Oggi la Fabbrica torna a riappropriarsi di questa straordinaria dimensione umana, aprendo il sipario su questo tesoro di storie personali che sono l’identità stessa dei milanesi, attraverso la rappresentazione del Nuovo Grande Museo del Duomo e la testimonianza del suo preziosissimo Archivio, facendosi interprete della caratteristica dell’uomo di tramandare sé stesso attraverso le sue capacità creative e le grandi opere affidate ai posteri.Questa impresa, voluta con grande determinazione dalla Fabbrica insieme agli Enti Locali e Nazionali, ai privati ed ai donatori, è tutta volta a presentare il Duomo a venti milioni di visitatori nella sua veste più splendente e suggestiva in vista di Expo2015.

Il Grande Museo del Duomo spalancherà le proprie porte dal 4 novembre 2013 nel complesso di Palazzo Reale, messo a disposizione dal Comune di Milano e totalmente rinnovato dalla Fabbrica nei suoi spazi architettonici e nel suo allestimento su progetto dell’Architetto Guido Canali, pronto a ospitare il Tesoro della Cattedrale e un grande patrimonio di fede e di arte in 27 sale, 13 aree tematiche e oltre 2000 metri quadri di spazio espositivo.

Il suo percorso nascerà dalle sorgenti più antiche della cristianità e non a caso la Fabbrica ha voluto che esso iniziasse dal luogo più suggestivo e centrale della città: il Battistero di San Giovanni alle Fonti, dalle cui acque Sant’Agostino uscì trasformato dalla luce della fede per le mani di Sant’Ambrogio.

Con la stessa consapevolezza e determinazione, la Fabbrica ha scelto di far riscoprire una ricchezza nascosta di Milano, il suo preziosissimo Archivio, dichiarato il 16 maggio 2012 d’interesse storico di particolare importanza dal Ministero per i Beni e le Attività Culturali, composto da oltre mezzo milione di fascicoli dal XIV ad oggi tutti da riscoprire: un autentico diario della città, scritto giorno per giorno dal popolo milanese.

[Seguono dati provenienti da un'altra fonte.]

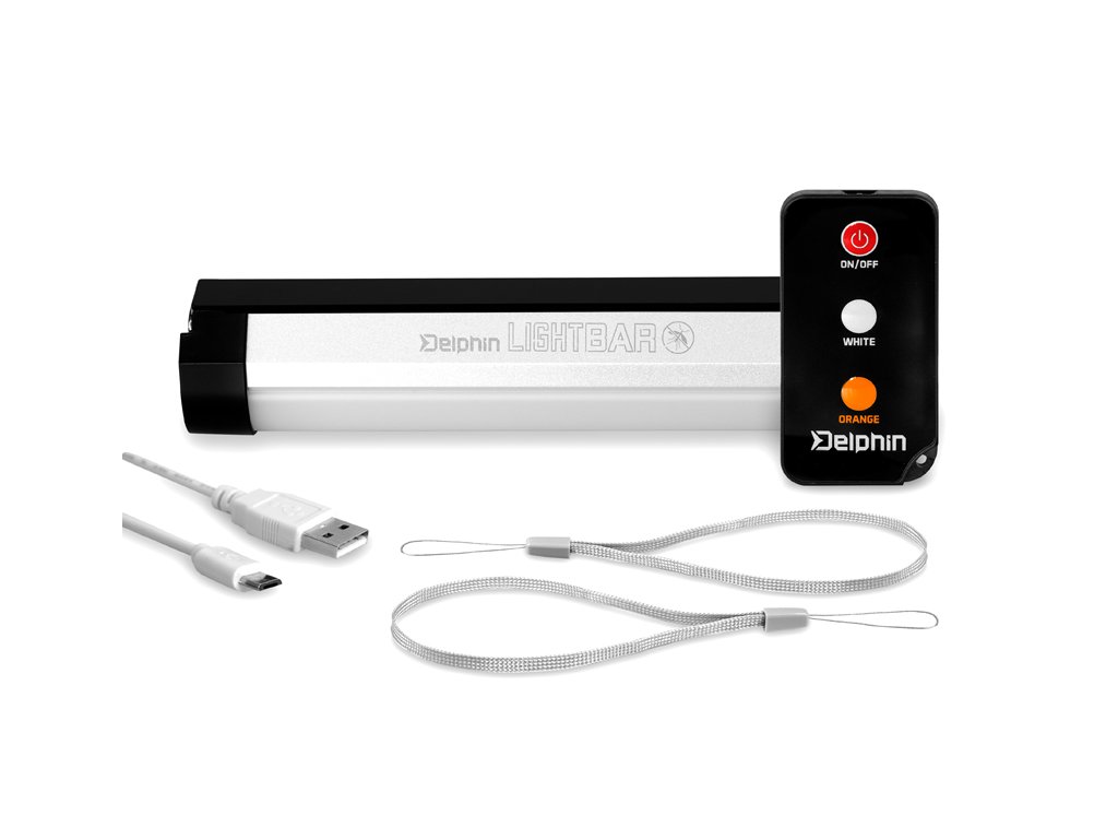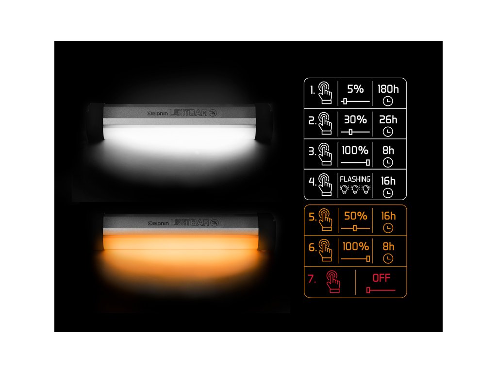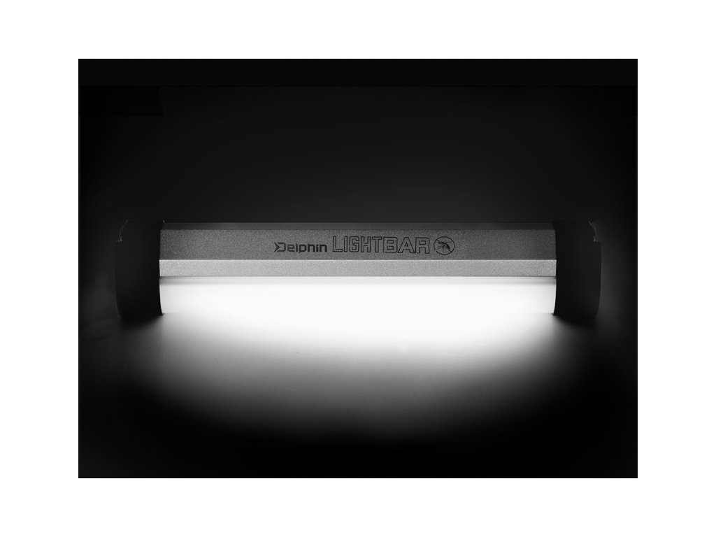 Delphin LightBAR je vysoce praktické bivakové světlo, díky němuž vás tma více nezaskočí. Disponuje dvěma barvami, přičemž každá z nich má několik úrovní svícení. Při prvním stisknutí se rozsvítí bílé světlo s 5% svítivostí. Druhým stiskem se rozsvítí na 30% a při třetím stlačení září bílé světlo na 100%. Při čtvrtém stisknutí se bílé světlo rozbliká, což oceníte například při vyvážce na velkých vodních plochách, kdy budete schopen jasně definovat, kde se na břehu nachází váš tábor. Pokud stačíte tlačítko 5x, změní se barva z bílé na oranžovou s 50% svítivostí. Při šestém stlačení se oranžové světlo rozsvítí na 100%.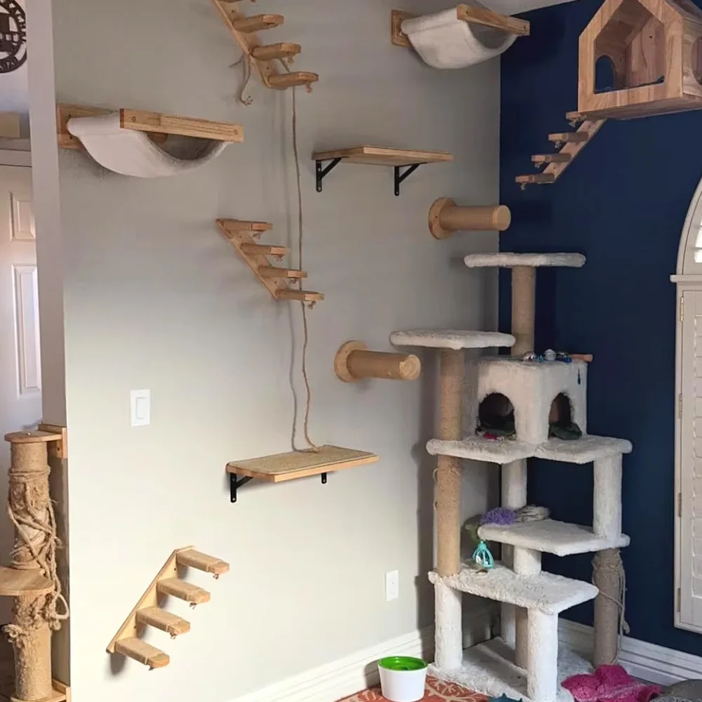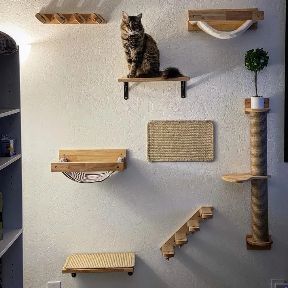 Los muebles para gatos de pared crean un espacio exclusivo para que los gatos se relajen y se entretengan en sus hogares.Combina inteligentemente practicidad y diversión, y puede satisfacer plenamente las necesidades naturales de los gatos en todos los aspectos.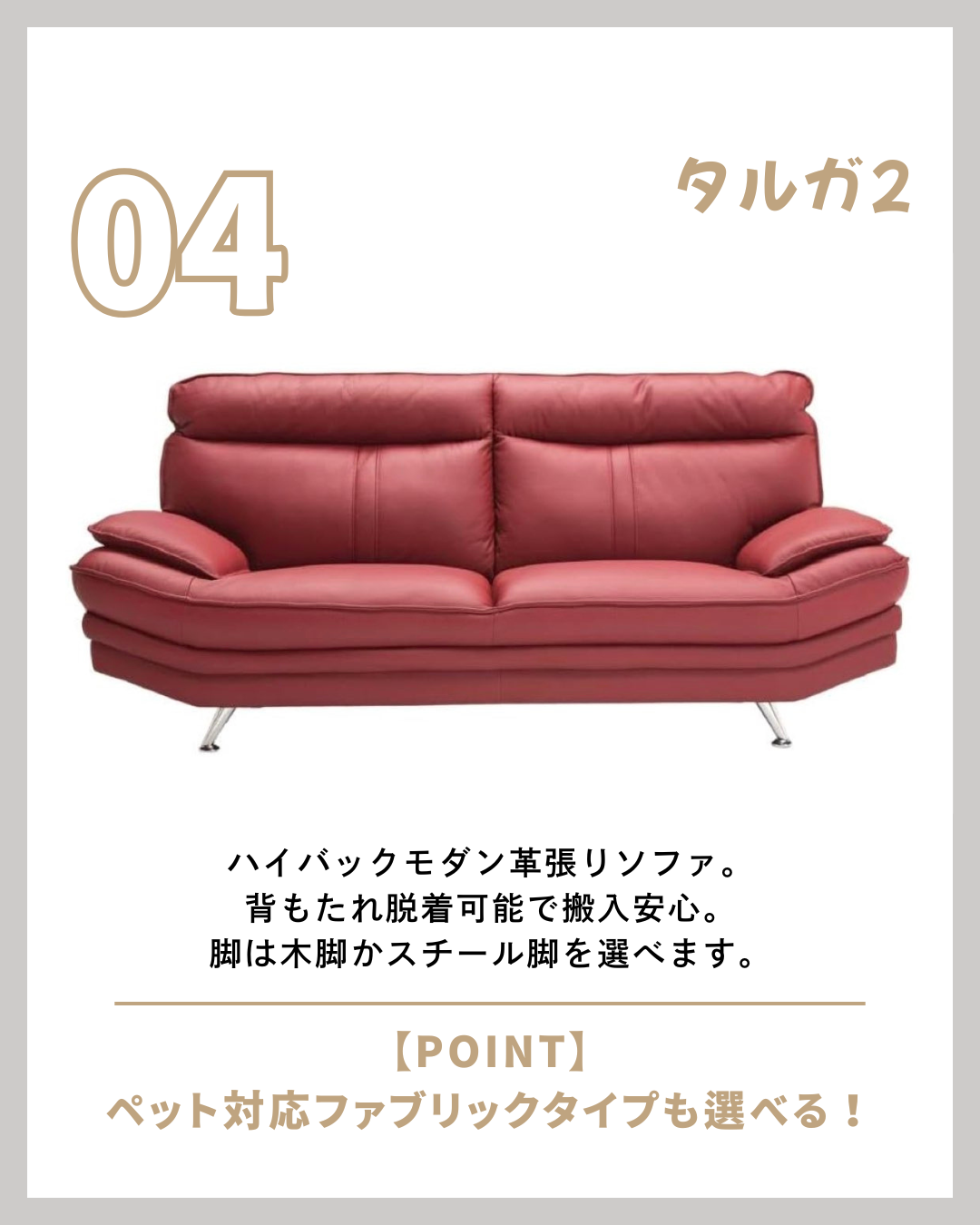 ハイバックモダン革張りソファ。背もたれ脱着可能で搬入安心。脚は木脚かスチール脚を選べます。

L’inaugurazione, che si terrà il 4 novembre 2013, si completerà in un grande evento in programma alle 21.30 in Cattedrale, nato per riaffermare quei valori di condivisione e di partecipazione attiva che, attraverso la Fabbrica, hanno lanciato migliaia di uomini oltre le barriere del tempo e che abbiamo il dovere di affidare alle nuove generazioni: “History that made History - Il segno di Costantino a 1700 anni dall’Editto di Milano” che racconta, attraverso proiezioni con la tecnica del video mapping e musica, il viaggio della libertà di culto della religione cristiana.

La giornata del 5 novembre 2013 sarà strutturata attorno a un grande convegno di respiro internazionale, promosso dalla Veneranda Fabbrica nella Sala delle Colonne del Grande Museo del Duomo.

“Le colonne d’Europa. Identità e sviluppo economico delle Cattedrali nel tempo della crisi” metterà al centro il tema del Duomo come prezioso scrigno dell’identità religiosa e civica di Milano nel contesto europeo e come principale risorsa economica della città, il cui valore, secondo lo studio della Camera di Commercio di Monza e Brianza e di Anholt Brand Index, incide per una cifra di 82 miliardi di euro sui 400 totali della città di Milano. In tempo di crisi, prendersi cura di questo Monumento, significa investire nel territorio e nelle sue possibilità di crescita.

Chiamata a essere segno dell’identità europea, in occasione di Expo2015, la Cattedrale, come nei secoli precedenti, segnerà la sua presenza sul territorio tornando a essere protagonista della vita civile, meta obbligata del turismo e organismo vitale per l’economia lombarda.Con questa chiave di lettura, il Convegno porrà la questione centrale del valore economico e dei modelli di gestione delle Cattedrali e dei loro musei in Europa e di come questi scrigni di fede e di arte possano guidare la ripresa economica, rappresentando eccellenze e modelli virtuosi del contesto civile.